The Benson Railroad Historic District is an area of Benson, Arizona, located near the site of a former passenger and freight depot. The area contains 16 structures, 11 buildings and 5 outbuildings, although the outbuildings are not considered contributing structures to the historic district.

==History==
Benson developed as a hub for three major railroads. This railroad era lasted from 1880 until 1910, and influenced Benson's architectural landscape for decades. The first railroad to arrive was the Southern Pacific in 1880, which led to the creation of Benson, which had been a stagecoach station, Ohnesorgen Stage Station. Since it was the only town in the area with a transcontinental connection, it grew rapidly. Benson served as the transportation hub for southeastern Arizona, where train passengers could take stagecoaches to the other towns in the region, such as Tombstone. It also served as the departing hub for the mineral products being produced in various mining districts near Clifton and Bisbee, and in the Galiuro and Rincon Mountains.
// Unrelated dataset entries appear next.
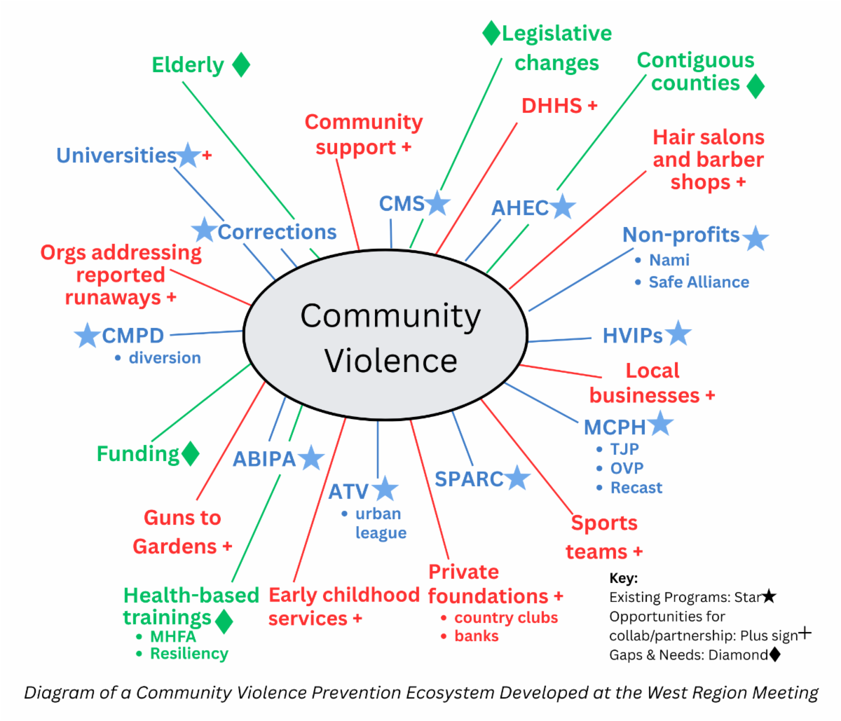 A highlight across all meetings was a hands-on breakout session where participants visually mapped their ideal violence prevention ecosystems. These diagrams serve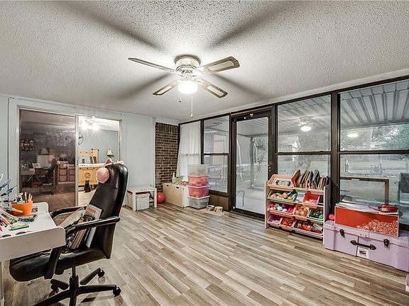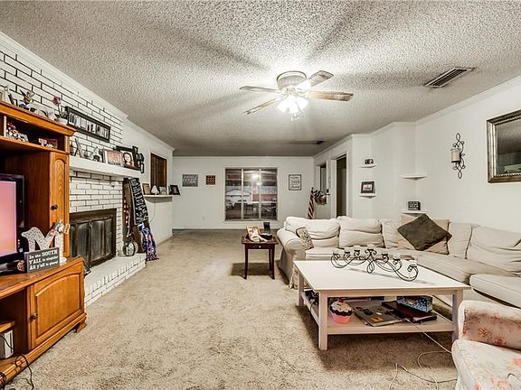 Super cute, single story home with easy access to Highway 635! Vinyl hardwood floors, ceilings fans, neutral paint, open and airy living spaces to enjoy! Spacious Master Suite is generously sized and features a wooden accent wall and large closets! Generously sized guest bedrooms! Sunny Dining room with a wall of windows that lets in lots of natural light. The Kitchen is adorned with pristine white cabinets, electric cook-top + an oven! Expansive Living room is great for entertaining with a floor to ceiling brick fireplace. A secondary Living area could be used as a private study or game room. This home is move in ready. Wonderful backyard offers a covered patio.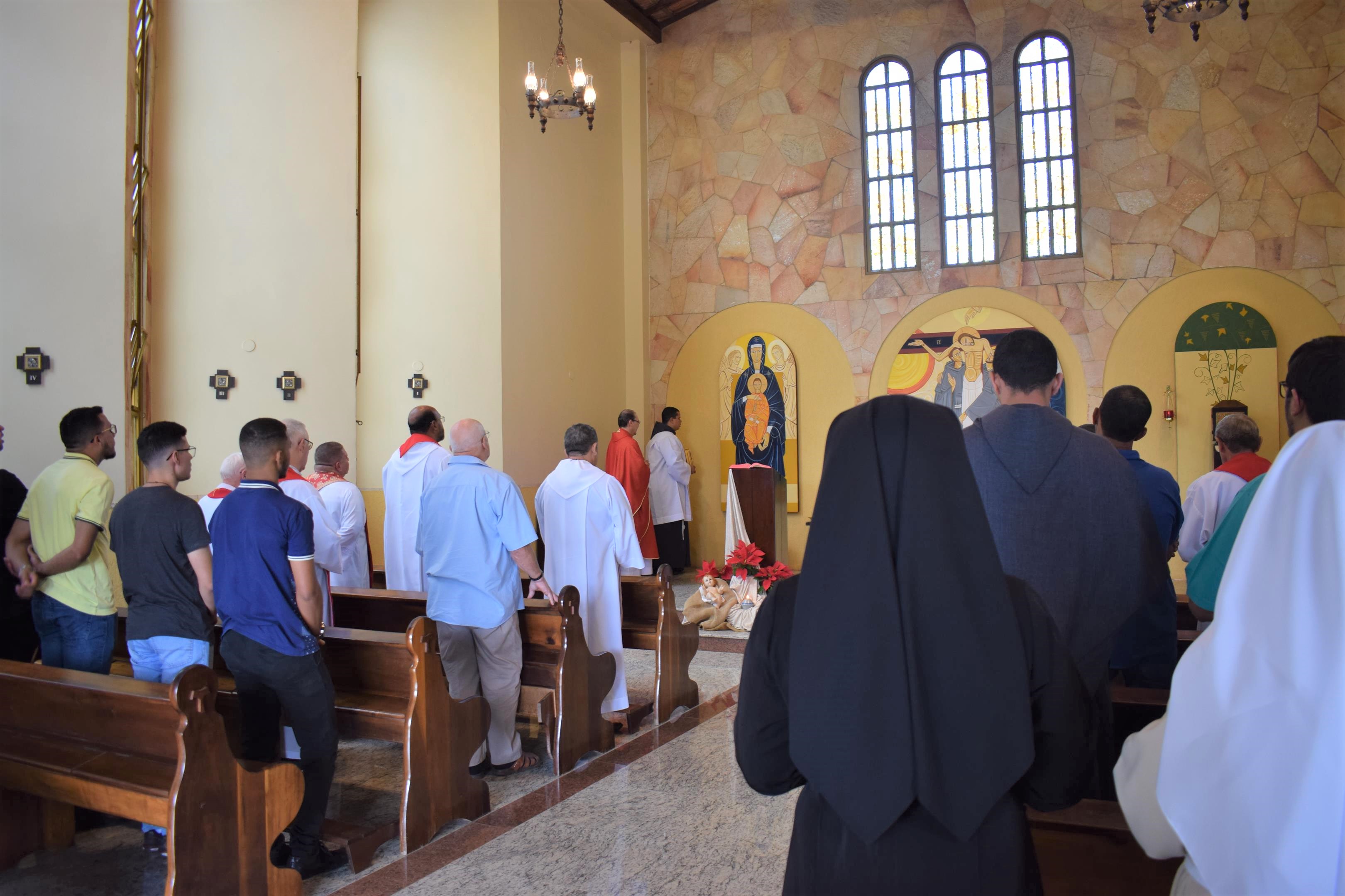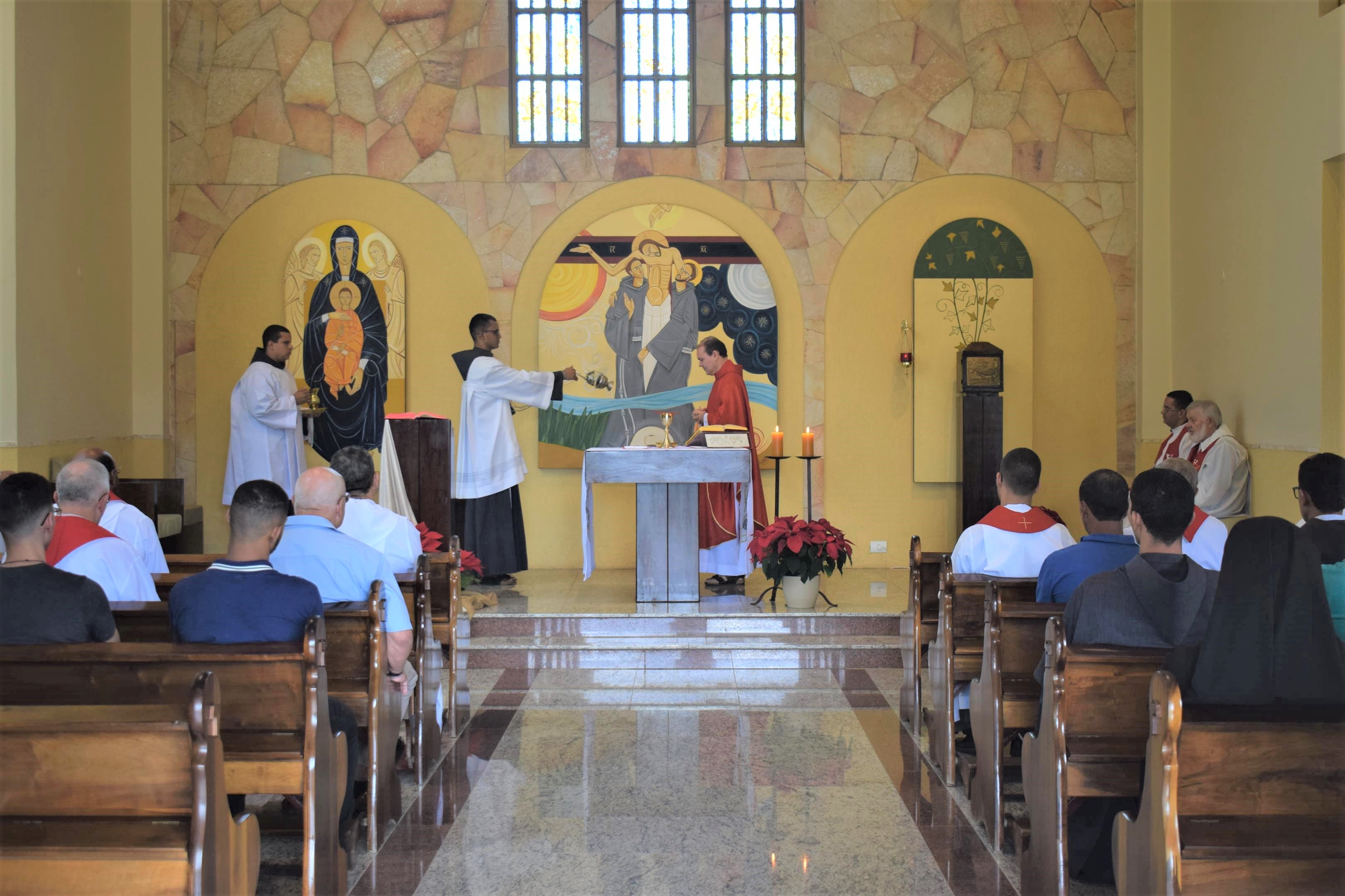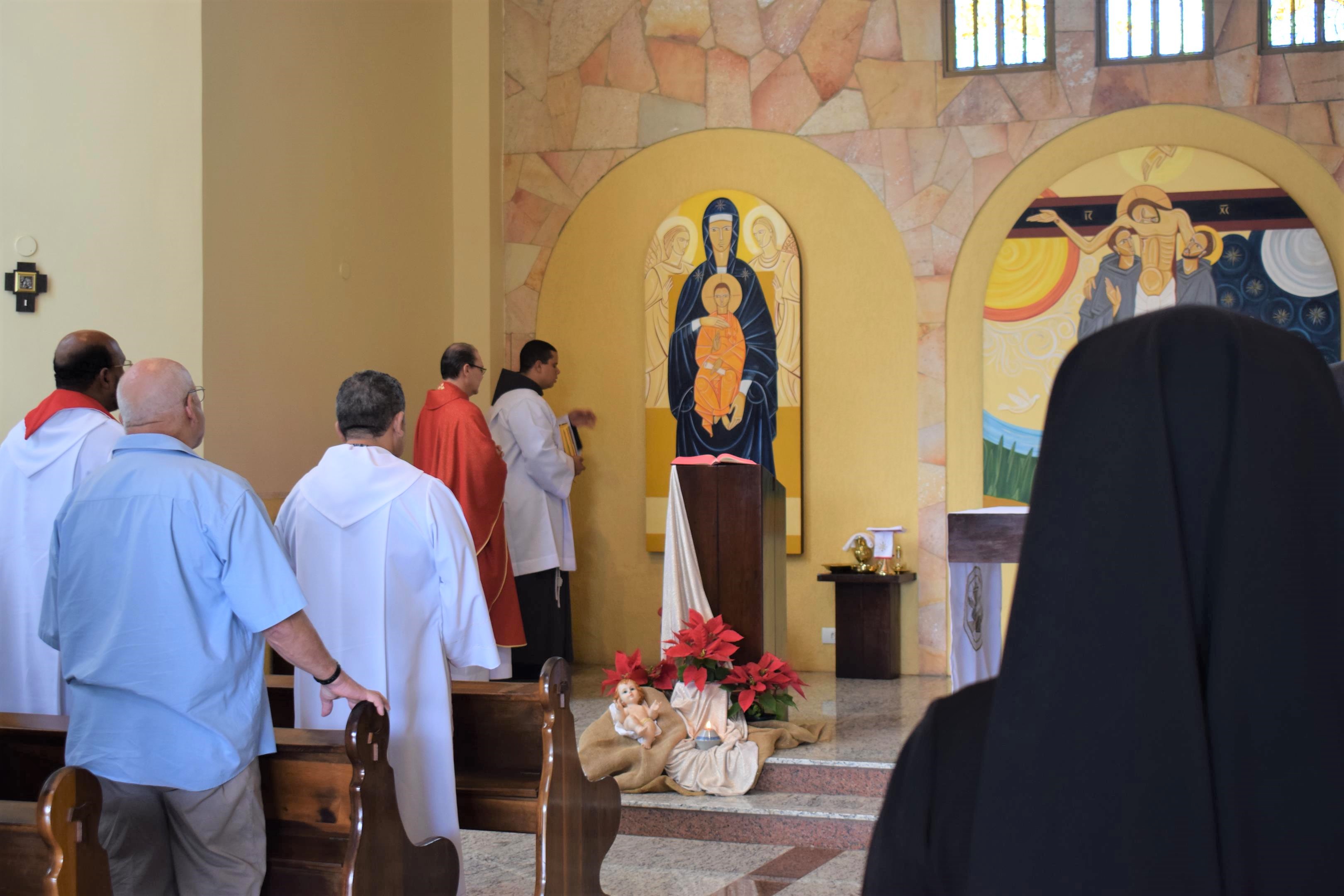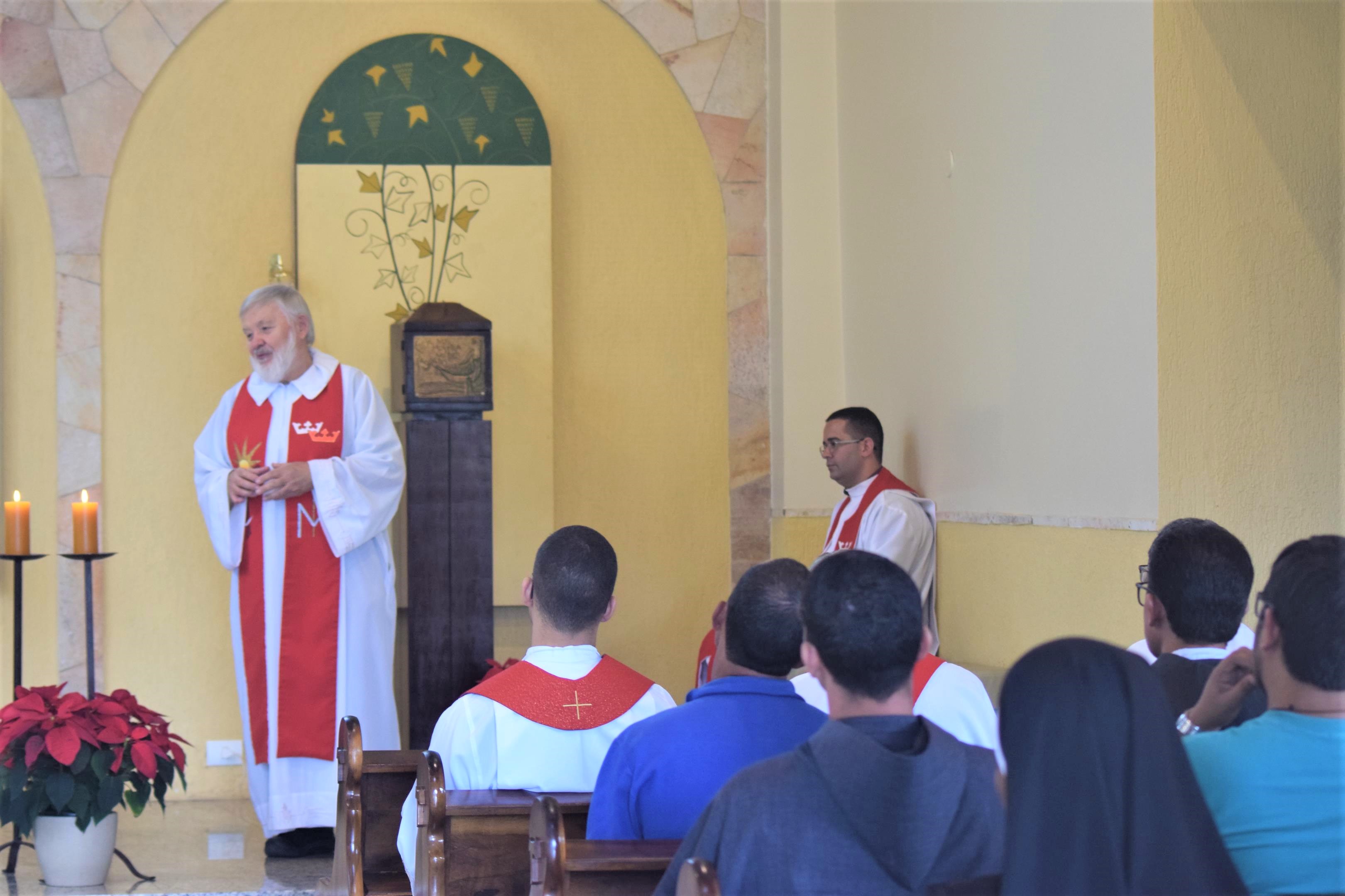 Estiveram presentes alguns frades, pré-noviços e freiras que residem nas regiões próximas à Capital Federal. Durante a homilia, o provincial, relembrando a Primeira Leitura (At 6,8-10; 7,54-59) e o Evangelho (Mt 10,17-22) do dia, elucidou sobre o martírio, “seremos perseguidos por sermos cristãos e o martírio atual trata-se de nos reafirmarmos quanto ao que cremos”, explicou.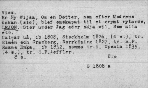 //// Vi sa. //// En Ny Wijaa, Om en Dotter, sons efter Mod rene cskan (sie), blef omskapat til et grymt rytande» T.TfrTfifrT Stor under Jag eder säja wll, Som alla etc. //// Calrnar uå, ib 1808, Stockholm 1826, (4 s.), tr. Elmén ech Granberg, Norrköping 1827, tr. A.P. Raams Enka, ib 1832, samma tr:i# Upsala 1835, (4 a.), tr. S.P.Leffler. //// 8 s. 8:0 //// S 1808 a ////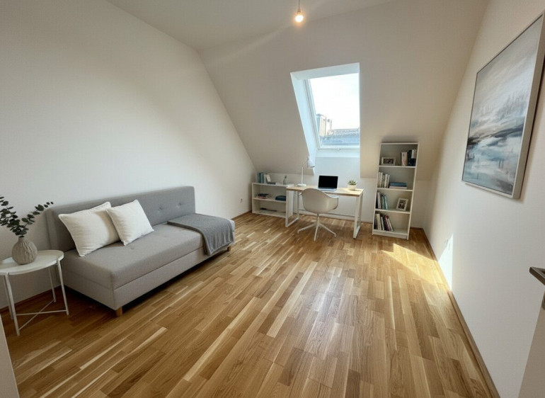 Alle Wohnräume sind mit hochwertigen Holzböden ausgestattet, während Badezimmer, Vorraum und WC modern verfliest sind. Für angenehmen Wohnkomfort sorgt eine Fußbodenheizung, die über Fernwärme betrieben wird. Die Abrechnung erfolgt direkt mit dem Versorgungsunternehmen und richtet sich nach dem individuellen Verbrauch.

When the New Mexico and Arizona Railroad arrived in 1882, and the Arizona Southeastern Railroad Company in 1894, Benson became a "hub city" The Arizona Southeastern, owned by the Copper Queen Consolidated Mining Company in Bisbee, was built to ship the company's ore to Benson for shipment elsewhere. In 1894 Benson was the only point in Arizona which was served by three independent railroad lines.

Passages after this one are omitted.